Energy researchers at IHS Markit have completed the first, three-year phase of a massive Permian Basin research project that models and interprets key geologic characteristics to better estimate its remaining hydrocarbon potential, with initial results indicating the ancient basin still holds an estimated 60-70 billion bbl of technically recoverable resources.
To conduct the analysis, researchers used proprietary historical well and production database that included more than 440,000 Permian wells, and a proprietary software tool that, for the first time, enabled them to leverage interpreted formation “tops” data to identify accurate formations for completion intervals on hundreds of thousands of wells.
The results of the analysis “significantly alters the understanding of the Permian Basin’s resource potential,” according to the research firm.
“When a geologist looks for new oil reserves, we typically go back to geologic targets where we know oil was targeted and produced previously, and in a well file, we call those targets the producing or completion formations,” said IHS Markit’s John Roberts, executive director, global subsurface content operations.
“This producing formation data is a critical element in assessing and correlating future drilling and production activity, but since that information is highly competitive, many operators have historically under-reported that information, which has created much ambiguity in the data.”
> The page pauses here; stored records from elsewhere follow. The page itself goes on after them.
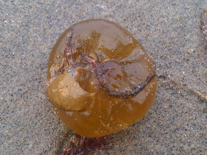 The gas-filled bladder (pneumatocysts) of probably Colpomenia peregrina on Red Algae, from Isle of Wight, South-England seashores.
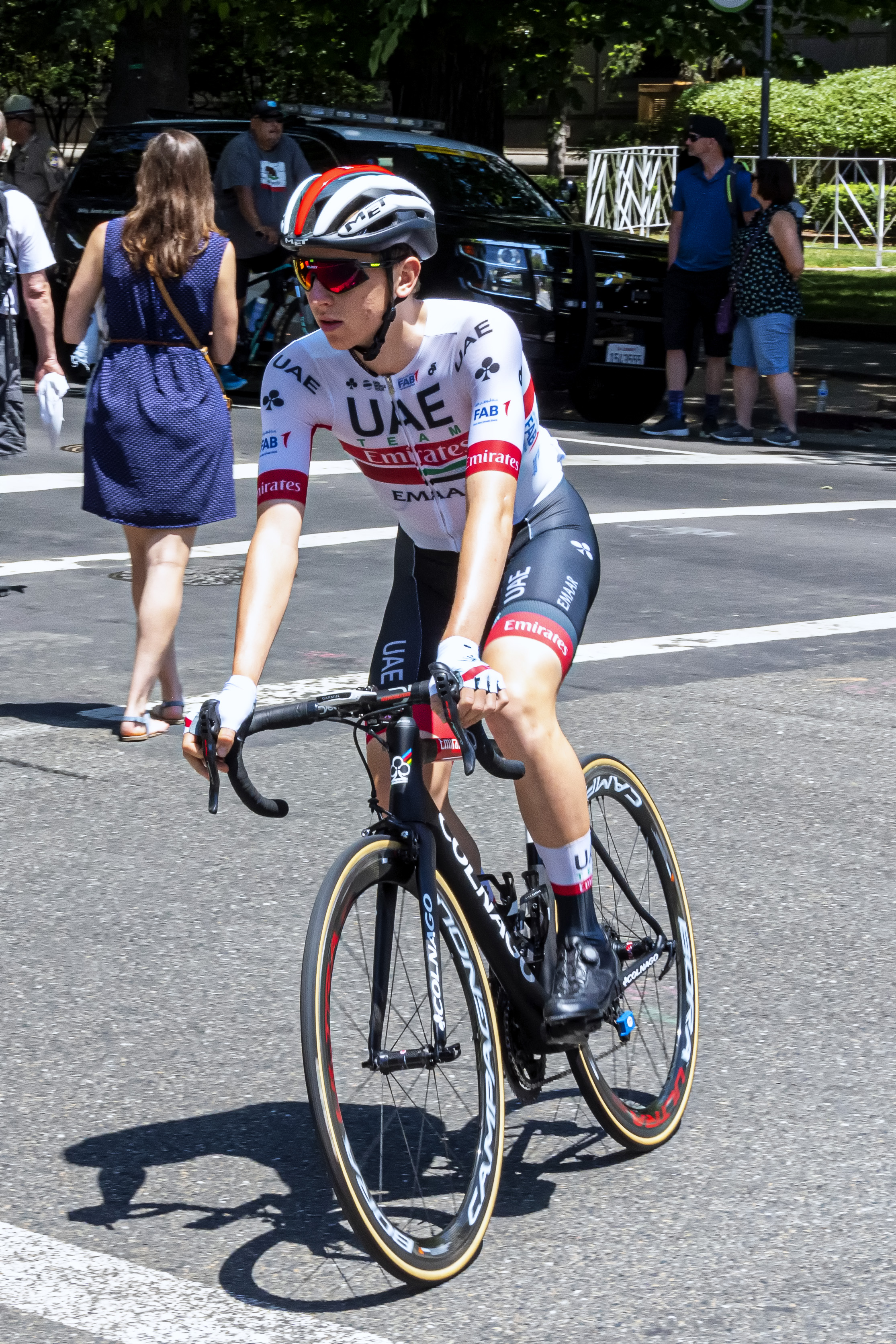 Amgen Tour of California 2019 Stage 1 Sacramento- Sacramento Road Race Sunday May 12 UCI World Tour
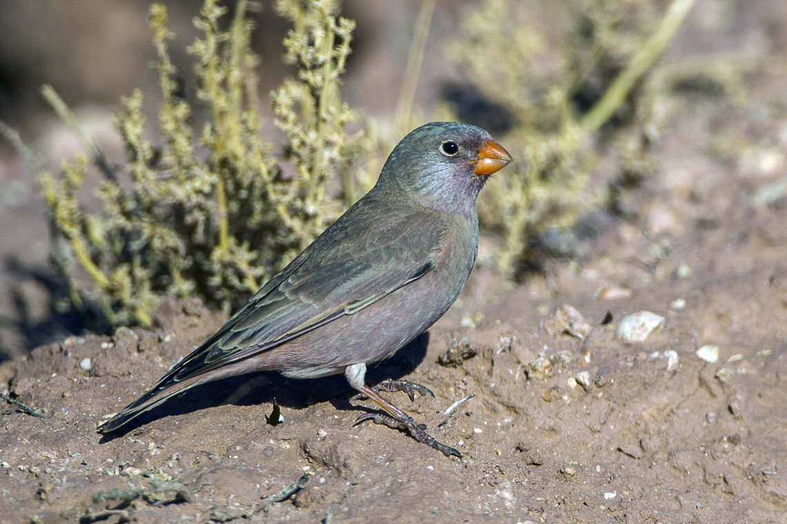 Trumpeter Finch - Morocco_07_2921
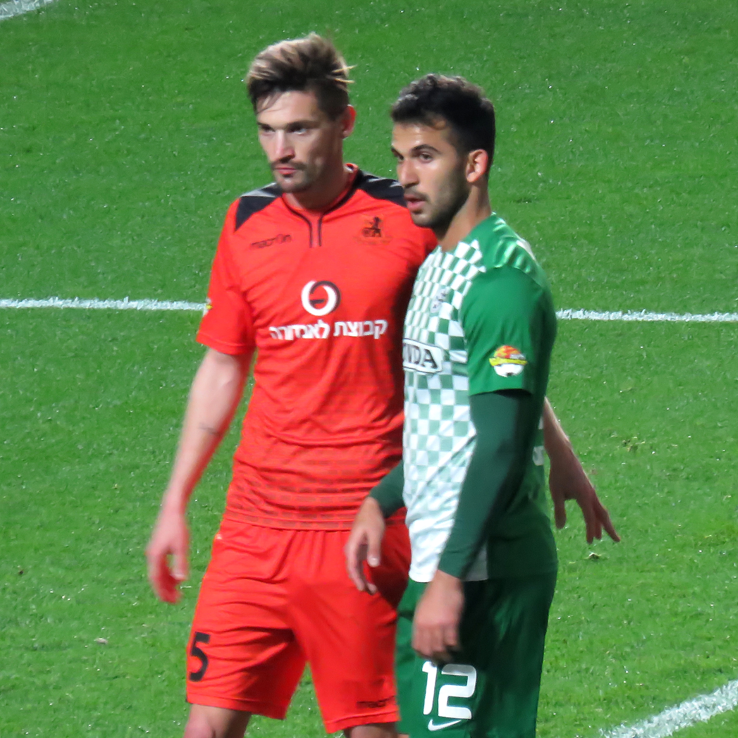 Bnei Yehuda Tel Aviv vs. Maccabi Haifa F.C., 9 Februar, 2016
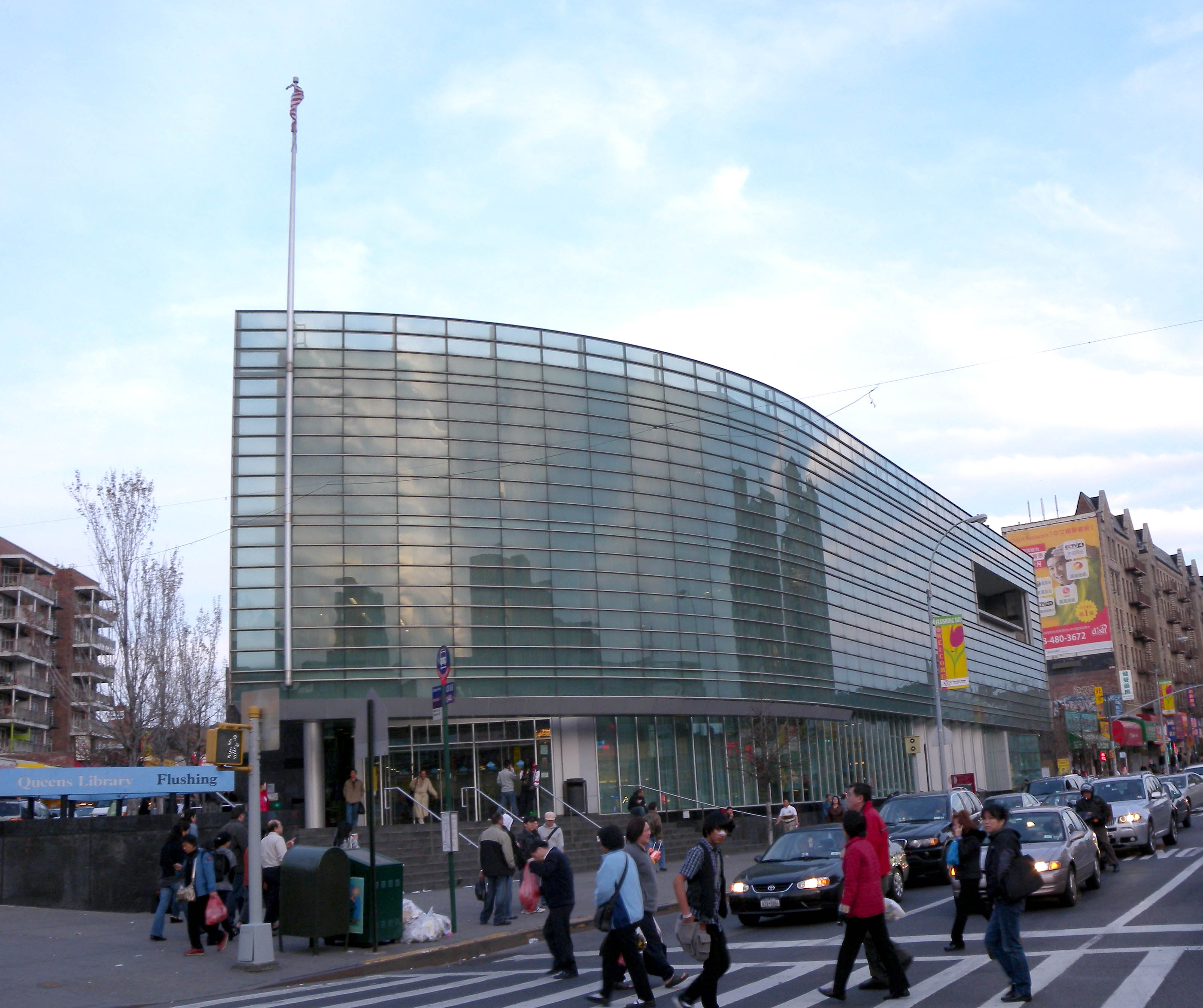 Looking southeast at new Flushing Public Library branch at dusk.
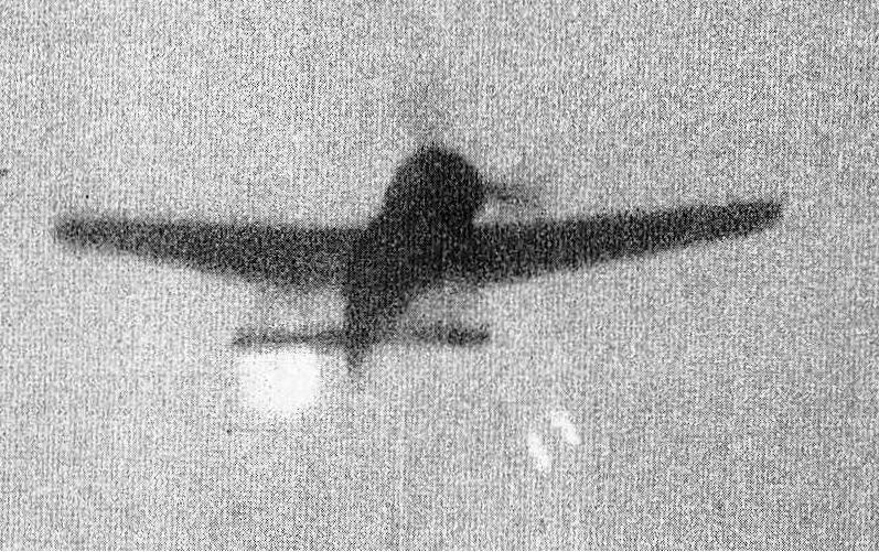 Erich Borounik's Fw 190 under fire from Johnson, 23 August 1943. Borounik was Johnson's 19th victory.
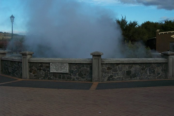 Date approximate within the month. Geothermal activity bubbles up near Rotorua, New Zealand. Hot springs were a tourist attraction. The region has a sulphurous smell. This geothermal pool is too hot to jump in -- 212 degrees Fahrenheit/100 degrees Celsius. This picture is public domain from An American's perspective on New Zealand (see notice at top of article). Questions? Ask here.
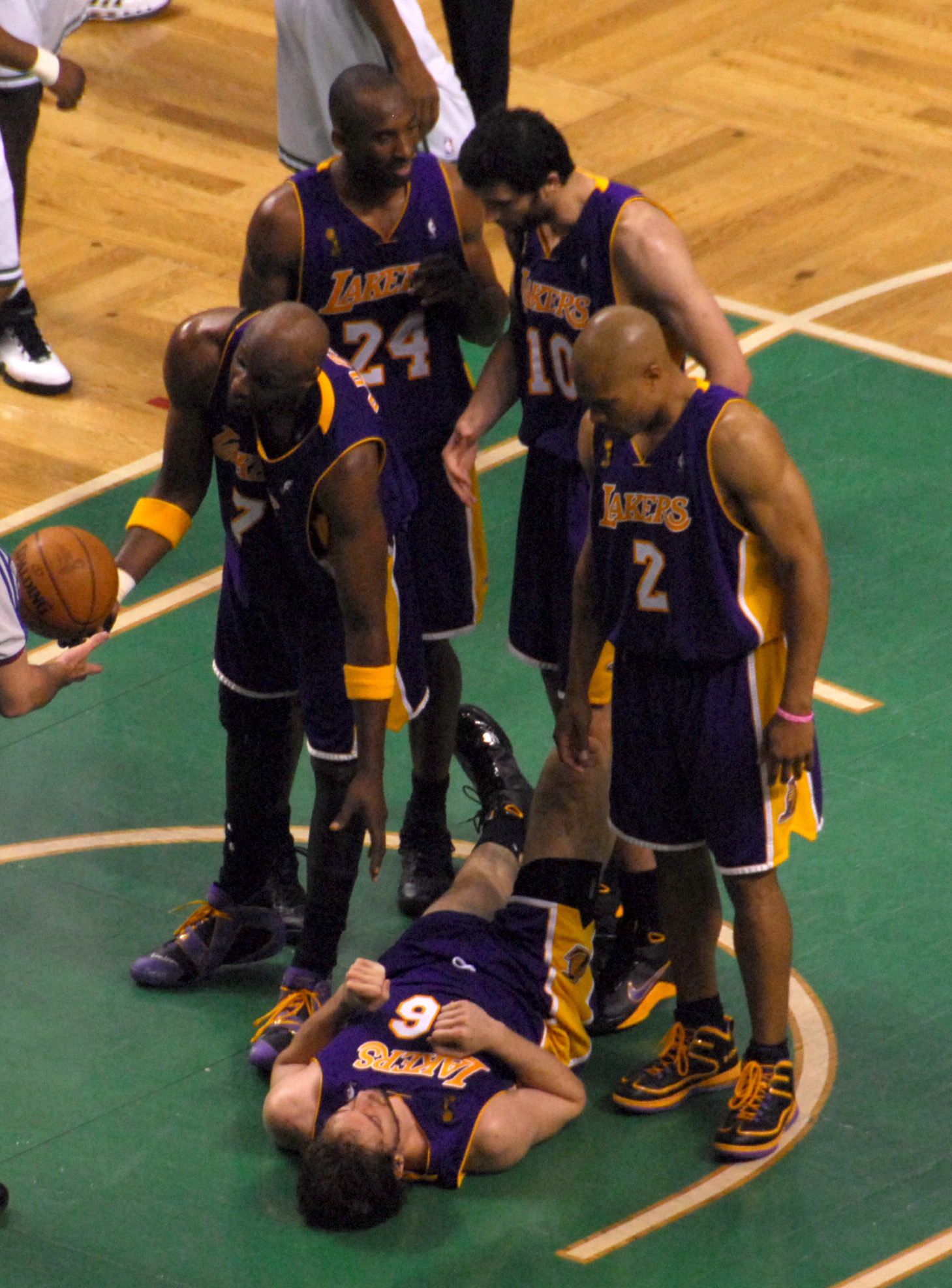 Lakers at Boston Game 2 of the 2008 NBA Finals.
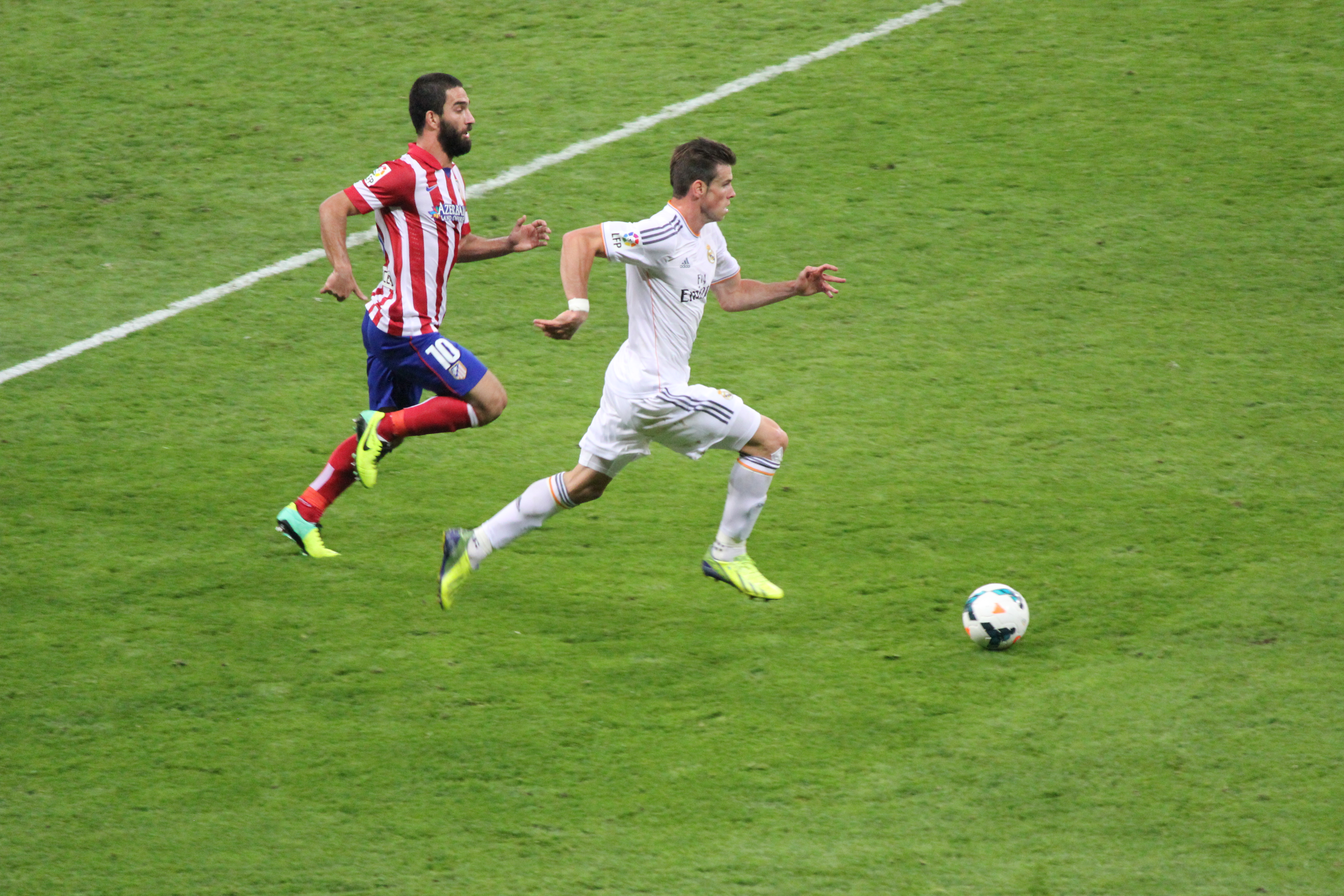 Real Madrid vs. Atlético Madrid 28 September 2013
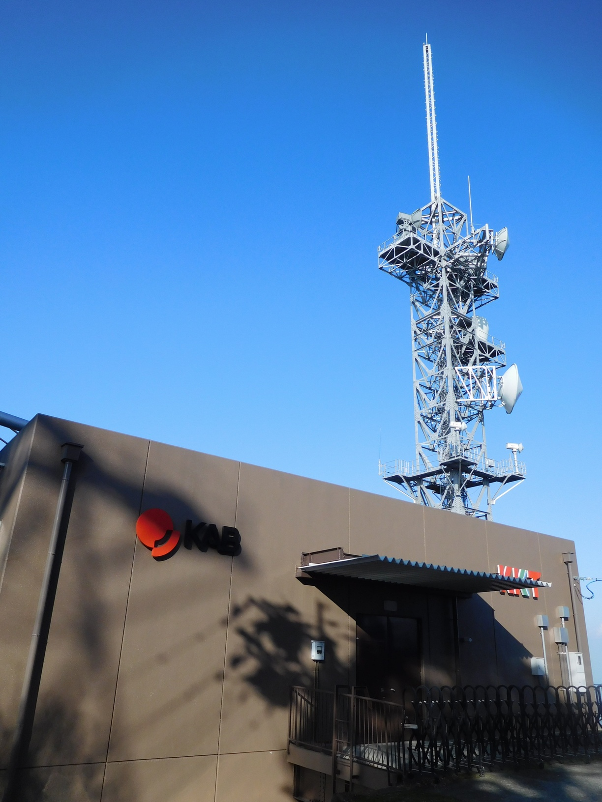 Former Kumamoto Kenmin TV (KKT) and Kumamoto Asahi Broadcasting (KAB) Kinbo-zan (Kumamoto) Transmitting Tower in 2015 (Kumamoto City, Japan)
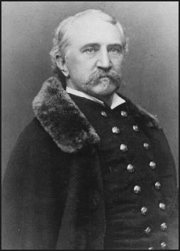 Photo of Luther Prentice Bradley (1822-1910)
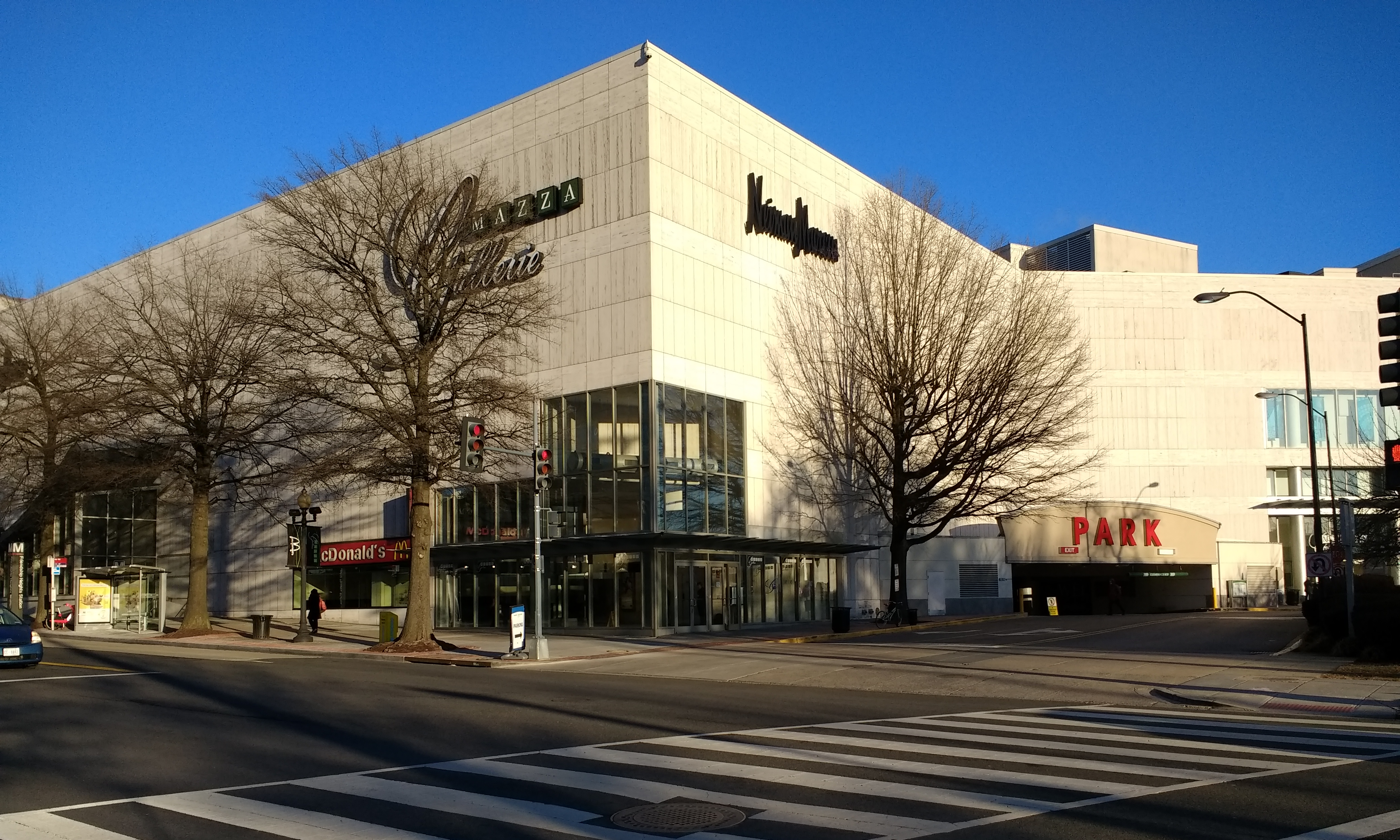 Exterior of Mazza Gallerie, a shopping center in Washington, DC.
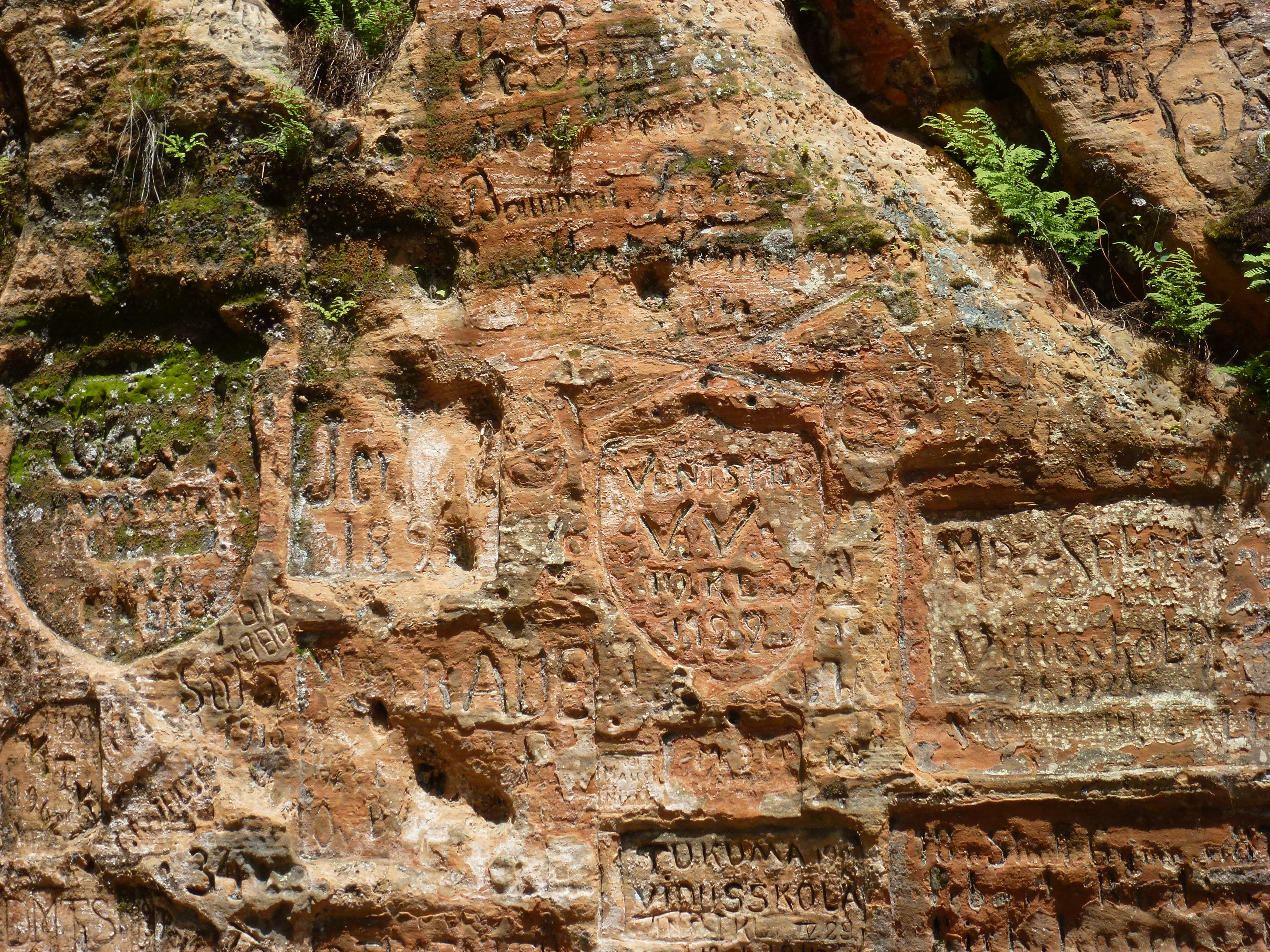 Coat of arms and compasses of Gutman cave in Sigulda — the largest natural cavern in Latvia

Roberts and Prithiraj Chungkham, director of unconventional resources, co-authored “The Permian Basin Interpreted in 3D: The IHS Markit Permian Basin Unconventionals Kingdom Geology Project.”
“Using a new technology we developed, we’ve leveraged our proprietary IHS Markit interpreted formation-tops data to identify accurate formations for completion intervals on hundreds of thousands of wells, and the results change the game for this basin and for geologists’ interpretations,” Roberts said. “It has significantly changed our understanding of the extent of many formations in the Permian Basin and the potential of those formations to yield additional hydrocarbons.”
The research team spent more than three years building the technology and updating the company’s historical well and production records that cover the Permian’s nearly 100-year history.
Gathering Years of History
“We’re a mix of geologists, private detectives and data scientists who have new tools that now enable us to re-examine the historical data and completely reassess the potential of this mature, giant basin in a 3D model,” Roberts said. “I’m one of more than 60 geologists who have been recording and correlating formation ”tops’ data for the Permian Basin for over 30 years, so this represents a lifetime of work for many of us, and it’s exciting to finally see the pieces of the puzzle fall into place.
“For a scientist, it’s like looking through a more powerful microscope and suddenly seeing something clearly for the first time — it is very exciting.”
The Permian, primarily in West Texas and extending into southeastern New Mexico, has produced cumulatively more than 39 billion bbl (cumulative) of oil since production began the 1920s, reaching a previous production peak in 1973.
“As conventional oil production in the play declined steadily during the following three decades, many in the industry thought the Permian’s best days were behind it, but unconventional drilling and completion technology changed the game in the 2000s,” IHS Markit noted.
“This advance made possible the extraction of unconventional shale resources that were previously uneconomic to produce, and changed the view of geologists, who, for decades, had bypassed these less desirable targets in favor of conventional reservoirs.”
The onset of horizontal drilling and and new hydraulic fracturing (fracking) completion technology over the past decade helped reverse the Permian’s production decline, and the basin is on track to soon eclipse its previous peak, according to IHS Markit.
“The Permian Basin is America’s super basin in terms of its oil and gas production history, and for operators, it presents a significant variety of stacked targets that are profitable at today’s oil prices,” Chungkham said.
In the analysis, researchers modeled and interpreted more than 70 formations and benches across the Permian and delivered them in a work-station ready 3D format, “so Permian operators or new-entrants can fast-forward their analysis.”
Potential for Short-Lateral, Low Volume Fracking Wells
In particular, he said, “the tremendous improvement in assigned-producing formations adds significant detail and dramatically changes the views of the basin and our understanding of where future hydrocarbon potential exists, allowing for faster economic evaluation of acreage and productive potential.”
Based on the analysis, “a previously undiscussed opportunity for production may be from the tight, noncontinuous plays produced through short-lateral wells and low-volume fracking. This offers lower risk, improved upside potential and ultimately, lower recovery costs, which is good news for operators.”
Understanding the economic limits of both geography and geology in the Permian is key for operators and investors, said Roberts. And researchers “are not done yet. We are already at work on the second-phase of the Permian Basin analysis, which is to further delineate the various Wolfcamp sub-benches.”
According to a base case in a new modeling scenario issued last week by consultant Wood Mackenzie, the Permian’s peak output could increase by 500,000 b/d as new technology adoption accelerates. In the reference case analysis, Permian production is forecast to increase to more than 5 million b/d in 2025.
However, there are risks as producers adapt to the speedy growth and attempt to pull more oil and natural gas from the massive resource base, Wood Mackenzie’s researchers said. Geological constraints could arise as the play is aggressively developed, which could lead to production shortfalls, and potentially to higher prices early next decade.